High-performance `fast-powi` crate
⚓ Rust 📅 2026-04-14 👤 surdeus 👁️ 3Following Fast powi function topic, I made a fast-powi crate. I only implemented 8-bit exponents; i.e, i8 and u8. I don't know of any practical use of exponents greater than 127. This allowed me to hard-code all the shortest "addition-chains" (or multiplication-chains in this case) for all u8 exponents. I decided to implement the num crate numerical types. It is about 10X faster than the standard library powi for floats on my computer. It is about 20% faster than most ints, bigints, and ratios. It is about 50% faster for complex ratio types.

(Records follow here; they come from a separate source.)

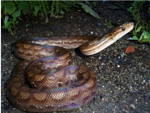
5 Epicrates maurus BOIDAE Boa tornasol
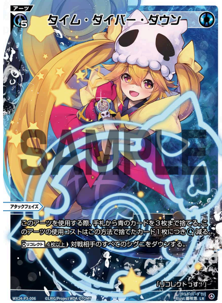
タイム・ダイバー・ダウン 青 アーツ 《青》×5 アタックフェイス

このアーツを使用する際、手札から青のカードを3枚まで捨てる。このアーツの使用コストはこの方法で捨てたカード1枚につき《青×1》減る。
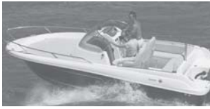
Cap Camarat 6.5 WA
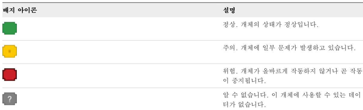
표 6-1. 상태
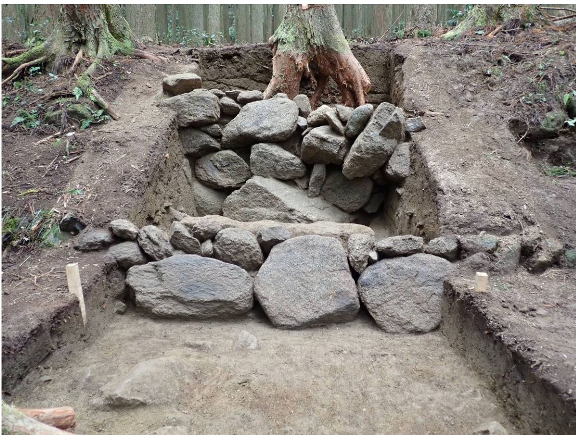
石積 1 (奥)、石積 2 (手前) (トレンチ 2) 南から
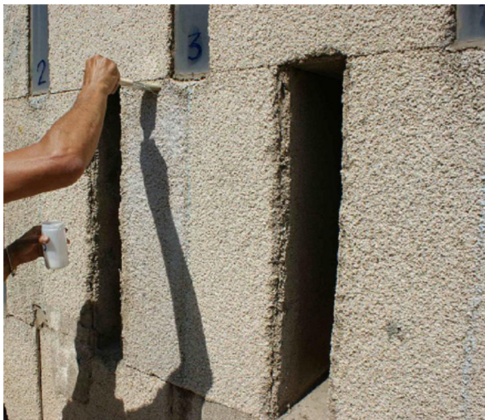
Figura 6. Aplicación de los tratamientos para los ensayos de evaluación de propiedades y comportamiento sobre el aplacado.

Los espectros de FTIR indicaron que las resinas Acrisil201, BA2028 y Epo150 tienen una naturaleza muy diferente a la resina utilizada en el revestimiento, mientras que las otras tres resinas (Acril33, Fluoline y ParaloidB72) muestran espectros más similares al producto original, ya que son resinas acrílicas en las que el grupo éster está presente en su estructura y por tanto presentan bandas intensas similares. Sin embargo, como se ha indicado anteriormente, parece que la resina aplicada no es acrílica sino una resina de poliéster. No obstante, dadas las propiedades que muestran estas resinas respecto a su resistencia a radiaciones UV y a la humedad y su similitud estructural

Here is a summary of the benchmarks from my laptop.
f64_fast time: [765.08 ns 772.03 ns 778.96 ns]
f64_std time: [8.1878 µs 8.2823 µs 8.3878 µs]
bigint_fast time: [70.852 µs 71.336 µs 71.814 µs]

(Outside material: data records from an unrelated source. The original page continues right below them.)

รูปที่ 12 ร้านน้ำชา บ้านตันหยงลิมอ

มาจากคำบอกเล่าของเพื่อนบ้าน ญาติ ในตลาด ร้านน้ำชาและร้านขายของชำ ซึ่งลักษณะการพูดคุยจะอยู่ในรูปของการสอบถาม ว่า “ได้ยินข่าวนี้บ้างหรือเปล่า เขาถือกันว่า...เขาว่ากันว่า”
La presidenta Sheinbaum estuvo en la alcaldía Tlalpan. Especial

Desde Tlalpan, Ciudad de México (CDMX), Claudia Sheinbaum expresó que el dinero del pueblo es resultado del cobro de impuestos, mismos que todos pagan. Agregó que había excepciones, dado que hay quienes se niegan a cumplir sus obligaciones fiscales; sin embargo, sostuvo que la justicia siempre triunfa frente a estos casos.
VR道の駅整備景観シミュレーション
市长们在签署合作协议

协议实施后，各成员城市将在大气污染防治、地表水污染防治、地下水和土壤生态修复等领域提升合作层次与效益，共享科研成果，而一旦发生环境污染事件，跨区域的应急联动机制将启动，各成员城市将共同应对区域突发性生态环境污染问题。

bigint_num time: [89.324 µs 89.779 µs 90.293 µs]
big_ratio_fast time: [303.19 µs 304.39 µs 305.70 µs]
big_ratio_num time: [355.01 µs 357.22 µs 359.59 µs]
u64_fast time: [105.52 ns 107.19 ns 108.99 ns]

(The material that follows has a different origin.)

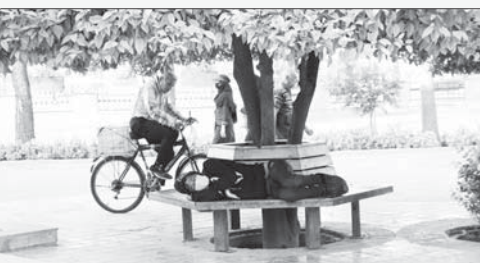
معاون حمل و نقل و ترافیک شهرداری شیراز: ناوگان اتوبوسرانی روز شنبه ۱۱ مرداد بازگشایی می‌شود

روز گذشته خبر همه‌گیری کرونا در استان فارس، مدیرکل ارتباطات و روابط عمومی استانداری فارس اظهار کرد: محمد باقر نوبخت معاون رئیس جمهور و رئیس سازمان برنامه و بودجه کشور امروز در سفر به استان فارس از پتانسیل‌های موجود در استان بازدید خواهد کرد. او تصریح کرد: با بازدید از کارخانه سدیم سولفات و قطار شهری شیراز از جمله برنامه‌های است که در این سفر برنامه‌ریزی شده است. عباس باجانی خانی بیان کرد: در صورتی که امکان برگزاری شورای اداری استان فارس فراهم باشد شورای اداری با حضور معاون رئیس جمهور و رئیس سازمان برنامه و بودجه کشور بر گزار خواهد شد.

u64_num time: [210.32 ns 213.48 ns 218.01 ns]
big_complex_ratio_fast time: [23.048 ms 23.522 ms 24.193 ms]
big_complex_ratio_num time: [32.578 ms 32.965 ms 33.449 ms]
You can find the benchmark code here
I probably should have ask for a review before publishing on crate.io, but I got "go fever" to publish my first crate. I would appreciate any input.